The original reproducer script and the newer zhammer.sh do use cp to trigger the bug… It is a matter of concurrent threads writing and reading at the same time while not checking for the appropriate kind of "dirty".
The saving grace is that it requires a highly parallel workload which is not a typical work pattern—except for compilers.

Ericloewe · Nov 27, 2023

It is important to keep in mind that the bug is actually in reading data. Data is being written correctly, so any workload that leaves data as it was, regardless if it got bad data, is safe to the data. Moving the data to a different filesystem, by virtue of needing to read the data, is vulnerable to the bug.

alex992 · Nov 27, 2023

Ericloewe said:
It is important to keep in mind that the bug is actually in reading data. Data is being written correctly, so any workload that leaves data as it was, regardless if it got bad data, is safe to the data. Moving the data to a different filesystem, by virtue of needing to read the data, is vulnerable to the bug.

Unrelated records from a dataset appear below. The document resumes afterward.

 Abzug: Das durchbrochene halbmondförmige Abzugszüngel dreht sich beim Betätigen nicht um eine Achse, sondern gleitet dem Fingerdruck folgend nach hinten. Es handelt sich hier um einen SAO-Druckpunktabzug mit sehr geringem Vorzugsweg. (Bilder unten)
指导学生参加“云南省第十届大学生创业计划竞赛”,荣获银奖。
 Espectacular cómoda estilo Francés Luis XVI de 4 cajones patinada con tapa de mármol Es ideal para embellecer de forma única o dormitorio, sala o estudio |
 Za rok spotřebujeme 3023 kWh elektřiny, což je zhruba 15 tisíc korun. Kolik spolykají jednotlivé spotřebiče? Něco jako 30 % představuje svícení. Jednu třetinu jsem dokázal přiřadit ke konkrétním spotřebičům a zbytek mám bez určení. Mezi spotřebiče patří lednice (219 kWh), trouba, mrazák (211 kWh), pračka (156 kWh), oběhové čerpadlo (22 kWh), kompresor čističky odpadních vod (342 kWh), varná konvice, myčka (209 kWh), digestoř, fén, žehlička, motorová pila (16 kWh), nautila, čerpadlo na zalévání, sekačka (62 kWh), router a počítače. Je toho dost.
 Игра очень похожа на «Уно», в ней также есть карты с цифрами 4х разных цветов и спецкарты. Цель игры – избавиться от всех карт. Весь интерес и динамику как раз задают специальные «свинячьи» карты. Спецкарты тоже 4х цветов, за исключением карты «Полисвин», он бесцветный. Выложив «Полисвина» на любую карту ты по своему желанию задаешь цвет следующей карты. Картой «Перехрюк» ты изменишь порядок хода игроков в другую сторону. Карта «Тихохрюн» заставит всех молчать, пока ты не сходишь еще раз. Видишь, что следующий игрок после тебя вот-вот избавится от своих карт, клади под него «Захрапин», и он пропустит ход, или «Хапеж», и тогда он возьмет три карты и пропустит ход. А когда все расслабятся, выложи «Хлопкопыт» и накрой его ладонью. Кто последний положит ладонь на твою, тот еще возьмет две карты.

Is only reading (not moving to) the data by Windows machine will create corruption?

Ericloewe · Nov 27, 2023

If you mean to ask whether the bug will corrupt data stored on disk that is being read, the answer is no, the impact is only on what is sent to whoever is reading.

alex992 · Nov 27, 2023

Ericloewe said:
If you mean to ask whether the bug will corrupt data stored on disk that is being read, the answer is no, the impact is only on what is sent to whoever is reading.

Thanks

Juan Manuel Palacios · Nov 27, 2023

Ericloewe said:
It is important to keep in mind that the bug is actually in reading data. Data is being written correctly (…)

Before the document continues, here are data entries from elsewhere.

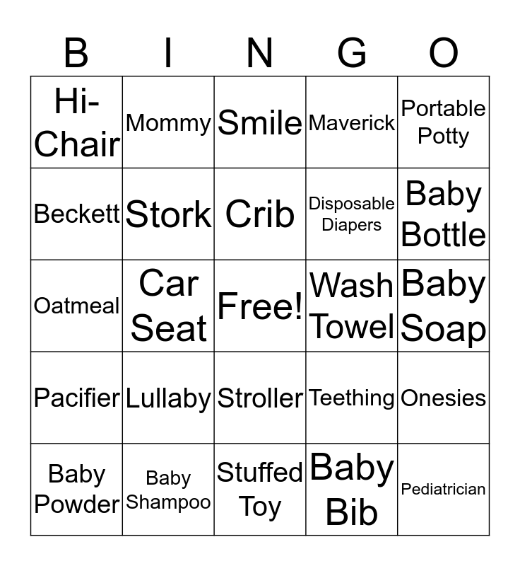 This bingo card has a free space and 48 words: Vaseline, Pediatrician, Breast Feeding, Stuffed Toy, Lullaby, Daddy, Mommy, Holly, Beckett, Jordan, Stork, Maverick, Onesies, Teething, Baby Wipes, Dribbling, Crib, Wash Towel, Rocking Chair, Portable Potty, Car Seat, Baby Bib, Hi-Chair, Disposable Diapers, Rattle, Baby Bottle, Baby Powder, Play Pen, Stroller, Pacifier, Bassinet, Baby Formula, Sleepless Nights, Monitor, Baby Shampoo, Baby Bunting, Safety Pin, Baby Soap, Silver Spoon, Pediatric Nurse, Baby Carriage, Grandma, Smile, Hairbrush, Oatmeal, Mattress Cover, Mobile and Baby Booty.
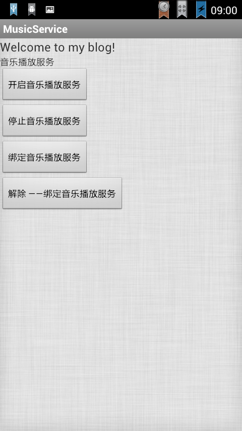 通过startService(),我们退出程序后,可以释放activty的资源,由于该服务还在后台运行着,所以我们的音乐还可以继续播放着,。就这样,我们就可以一边享受音乐,一边可以聊QQ,或者浏览新闻等等。
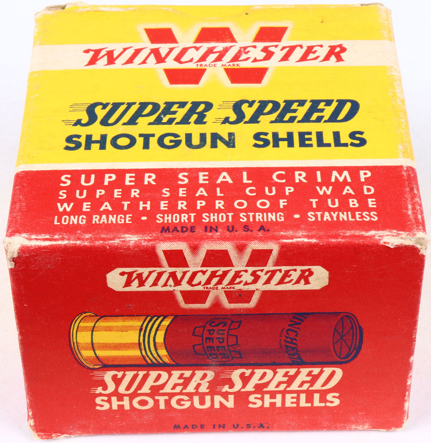 Winchester, Super Speed, 20ga., 1pc., Full, 2 3/4''., shot size 6, red, yellow & blue box, box is very solid with very nice colors, shells are excellent. Grade: Excellent + - Value: 10 to 40
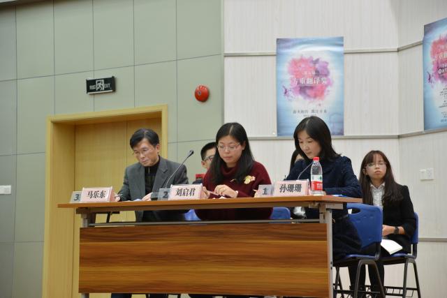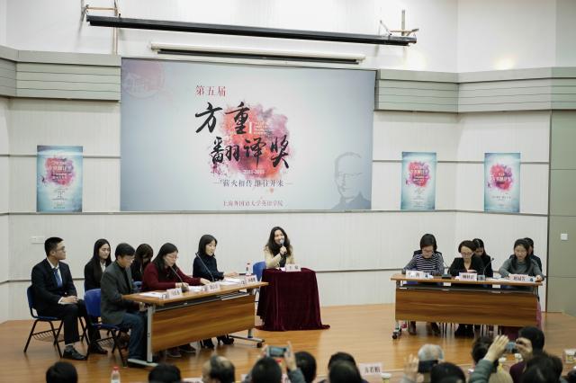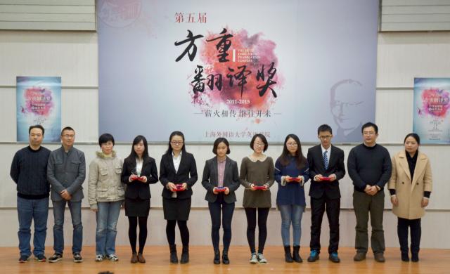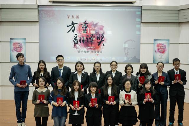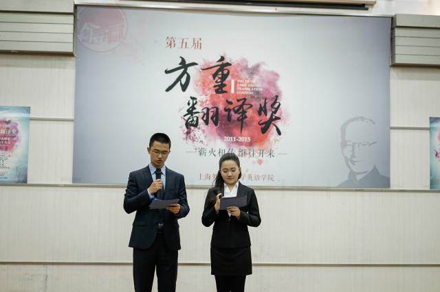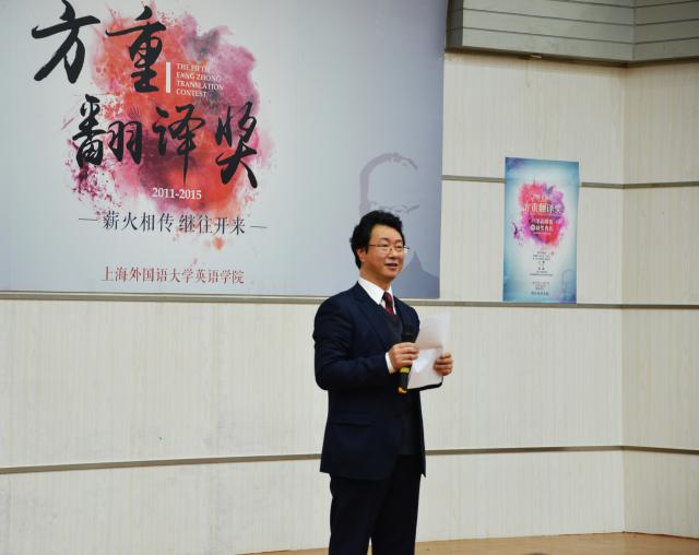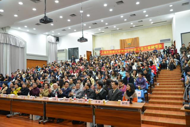 12月8日晚六点,第五届“方重翻译奖” 颁奖典礼暨口译表演赛在松江校区图文东厅隆重举行。英语学科资深教授虞建华、张健教授,教务处处长姜智彬教授、学科办主任王志强教授、文学研究院副院长张和龙教授、研究生部党总支书记杨雪莲老师、招办主任王斌华老师、招办副主任陈军老师、教务处副处长孙建副教授、研究生部副主任张绍铎、肖琳老师,国际教育学院副院长郭晓梅老师、国际教育学院院长助理田小勇老师等嘉宾应邀出席观摩。英语学院院长查明建教授、党总支书记孙俭老师、副院长许立冰副教授、王欣教授、孙会军教授出席了颁奖典礼。此外出席嘉宾还有英语学院和国际教育学院多位专业课老师。同时我校学联和各院系学生会主席、国际文化交流学院留学生(包括孔子学院奖学金留学生)以及上海各重点中学的同学们也参加了此次典礼。

Hence the lack of checksum failures, because, if I understood correctly, when the bug hits, data is written correctly to some destination, even if that's corrupted data, and then at a later time that destination checksums OK when read once again and/or when scrubbed… correct?

AlexGG · Nov 27, 2023

Juan Manuel Palacios said:
Hence the lack of checksum failures

Correct.

Ericloewe · Nov 28, 2023

Juan Manuel Palacios said:
Hence the lack of checksum failures, because, if I understood correctly, when the bug hits, data is written correctly to some destination, even if that's corrupted data, and then at a later time that destination checksums OK when read once again and/or when scrubbed… correct?

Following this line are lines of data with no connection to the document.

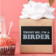 A palavra "passarinho" não te inspira um sentimento de confiança? Claro que sim. Acredite, sou um pássaro. Você pode personalizar este presente engraçado para observadores de pássaros. Mova a design, mude a cor ou o estilo de fundo, adicione o seu próprio texto ou imagens — faça dele o seu!
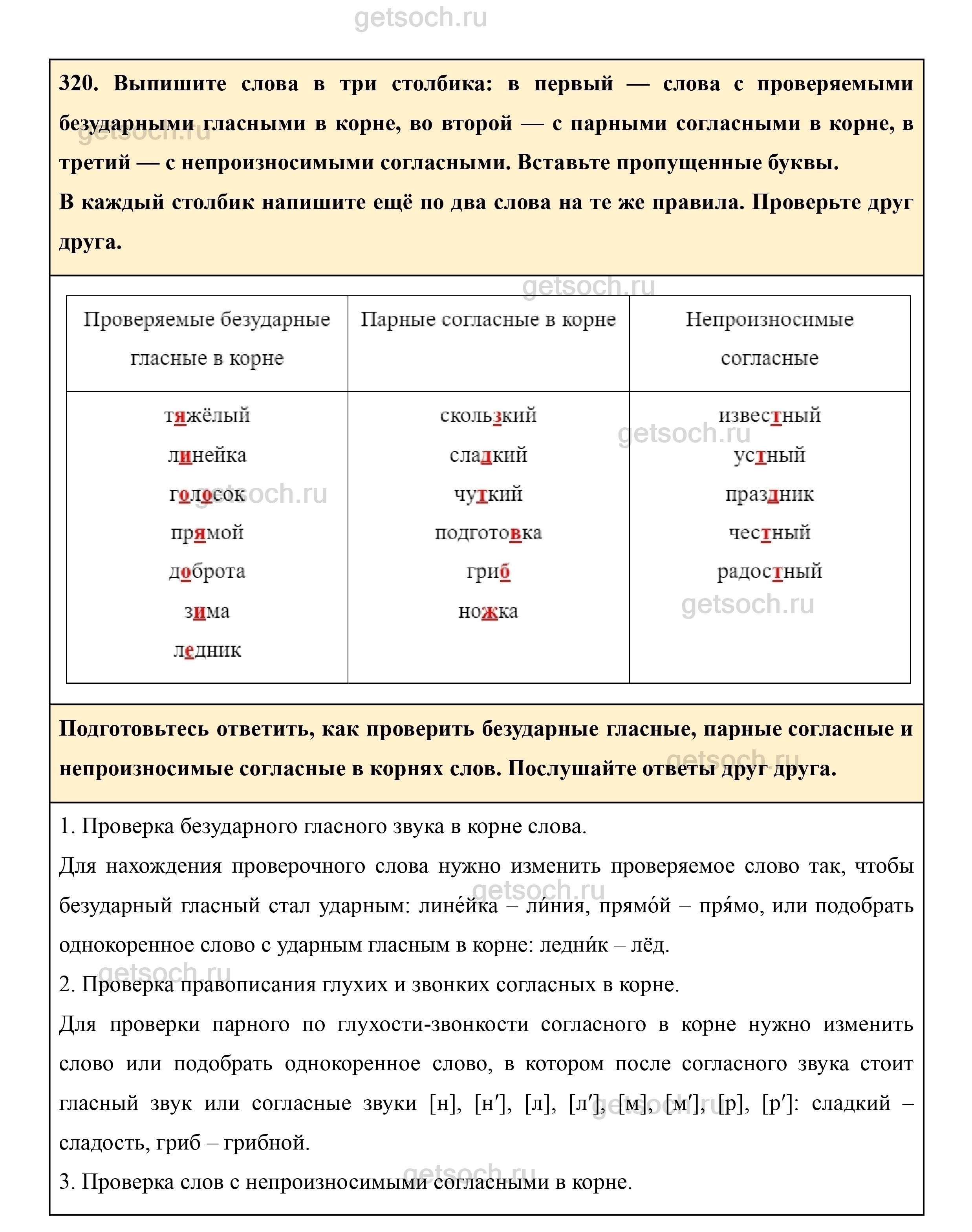 Рассмотрим ответы на Упражнение 320 из учебника по русскому языку для 3 класса Рамзаевой
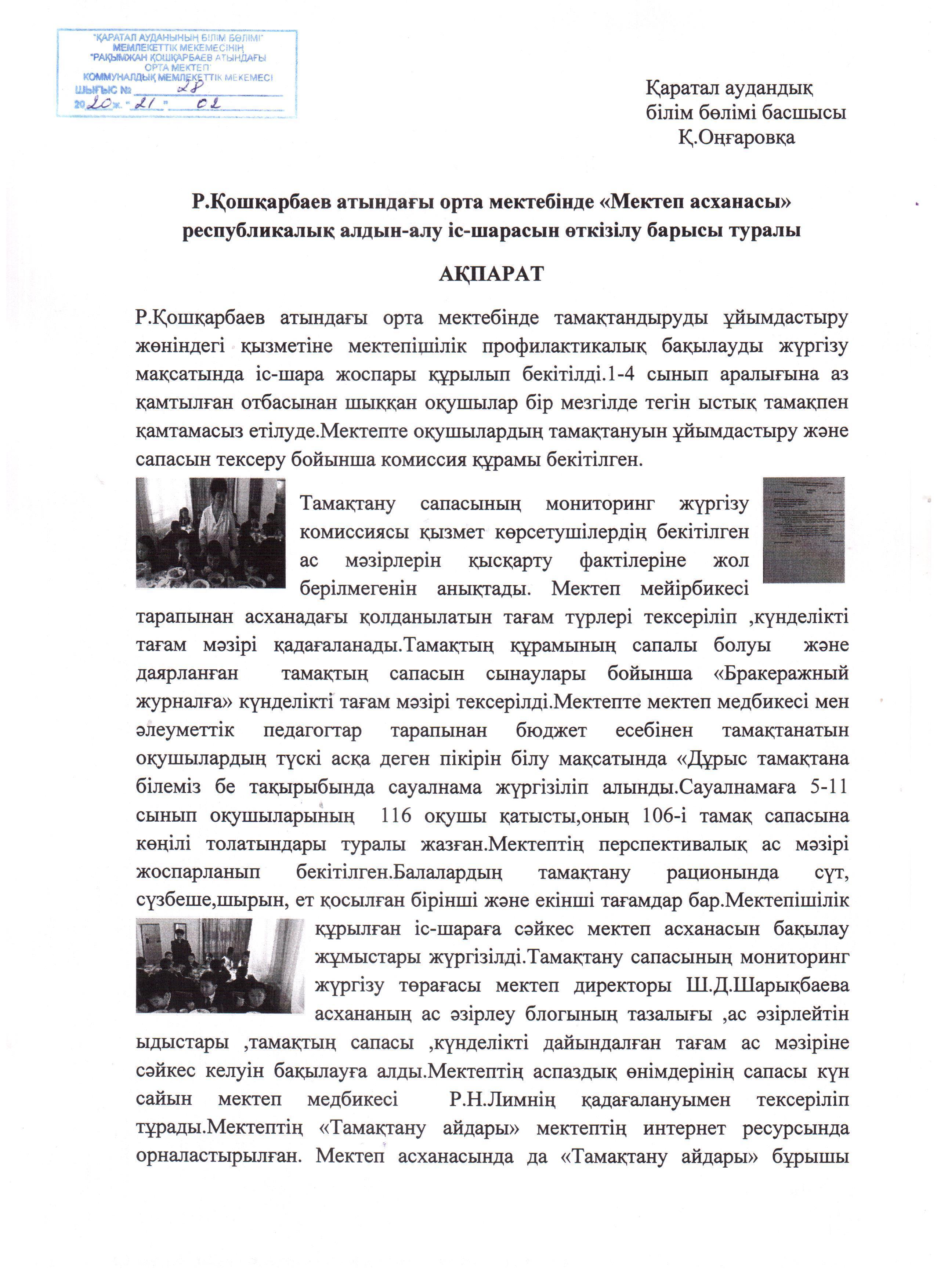Мектеп асханасы бойынша ақпарат » Қошқарбаев атындағы орта мектеп

Pretty much. Checksums also pass when reading because ZFS is reading all the bits correctly. It's "just" reporting holes where there are none, causing affected userland applications to seek past good data that ZFS would and could gladly provide, had it not just lied to the app.

Ericloewe · Nov 28, 2023

Some better preliminary data from my testing, for those not following the ticket on Github:

Future me here to say that past me should debug his scripts before starting the tests - I was testing everything with 1 MB files. File size does seem to make a difference, at least at first glance. I only have three full tests so far with 64 kB files, but I'm already seeing more errors than with 1 MB files.
I'll let the updated tests run while I figure out how to present the data. In the meantime, here's a list of things that make it more likely to hit this bug, in approximate order of significance:

Extreme CPU/DRAM workloads parallel to and independent from the file I/O
Smaller files/less time writing and more time handling metadata, in relative terms
Slow disk I/O performance

I'm not sure yet if more parallel operations have an impact, I'll have to crunch this data down to something usable first.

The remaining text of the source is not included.